The Story of Ellis Island

For over 60 years, Ellis Island in New York was the primary point of entry for immigrants to the United States. At least 12 million new US citizens landed on Ellis Island, and it has been estimated that around 40 percent of all current Americans have at least one ancestor who passed through its halls.


The Registration Room at Ellis Island today

In pre-contact North America, the tiny island now known as “Ellis” was called Kioshk (“Gull Island”) by the Mohican natives who lived in the area. When the Dutch took over and settled Manhattan in the 1630’s, it was claimed by a farmer named Michael Paauw, who renamed it Oyster Island. By 1700, the island was the site where convicted pirates were hanged, earning it the name Gibbet Island.

During the Revolutionary War, it was bought by a New York city tavern-owner named Samuel Ellis. When he died in 1794, the US War Department purchased it, and the Army built a munitions storage facility and gun battery there called Fort Gibson, which served during the War of 1812 and the Civil War. After the end of the the Civil War in 1865, Ellis Island was abandoned.

The first major wave of immigration from Europe to the US was in the 1850’s, after the Irish potato famine, and after the Homestead Act of 1862 provided free land to people who were willing to settle in the West. During this time, immigration was administrated by the states, and New York’s primary point of entry was at Castle Garden, near present-day Battery Park.

By 1890, immigrants began arriving from Germany, Italy, and eastern Europe. The Federal Government assumed control over immigration policy, and began construction of a facility at Ellis Island to process the new arrivals, which officially opened on January 1, 1892. The first immigrant to enter the US at Ellis Island, a 15-year-old Irish girl named Annie Moore, was ceremonially presented with a $10 gold piece. Only third class passengers from Europe were required to pass through Ellis Island; first and second class passengers were processed aboard ship on the way over.

The American manufacturing economy needed large numbers of cheap workers, and the steady stream of immigrants arriving at Ellis Island provided them. US law prevented the entry of “lunatics” and “idiots”, and also listed over 60 diseases that were to be denied entry. “Anarchists” were banned; people who already had jobs waiting for them in the US were also sent back.
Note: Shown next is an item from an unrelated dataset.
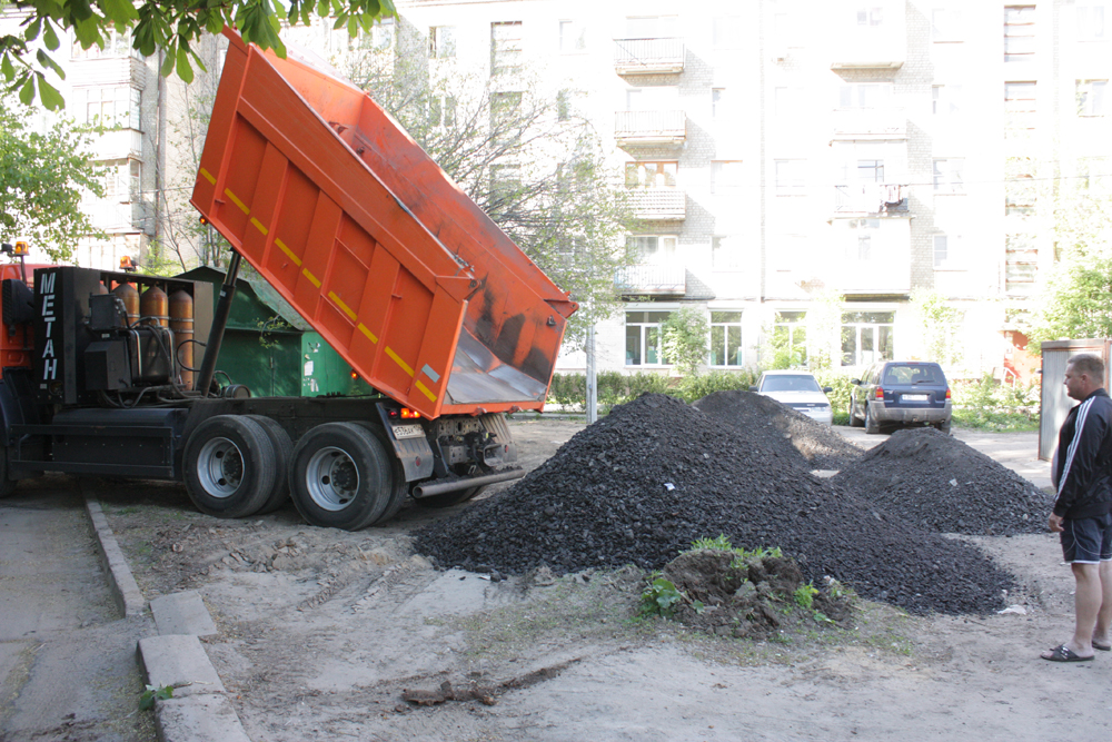 Образующийся в результате фрезерования материал складируется на территории районного комбината благоустройства и впоследствии, по заявкам жителей, завозится на улицы частного сектора и на дворовые территории.

Immigrants from Asia were entirely excluded. New arrivals at Ellis were given a physical inspection, a literacy test, and an interview. Immigrants with diseases were held in the medical ward until they were cured. In all, only about 2% of people entering Ellis Island were denied entry to the US and deported back to Europe.

By 1903, the stream of immigrants was reaching several thousand a day, and more room was needed. So the original island was expanded and two smaller islands were built, using sand that had been excavated during the construction of the New York City subway system. One of these new islands housed the hospital, and the other housed the psychiatric ward. In total, the Ellis Island facility grew from 3 acres to 27 acres.

When World War One broke out in 1914, immigration from Europe dropped sharply. The US Army assumed control of most of the island, converting it into a hospital for wounded troops and a detention center for anarchists, anti-war protesters and other radicals (most of whom were deported). By the end of the 1920’s, the US had passed new laws which restricted immigration, and Ellis Island fell into disuse. By 1950, the Coast Guard had taken over most of the island, and in 1954 the immigration center was officially closed and abandoned.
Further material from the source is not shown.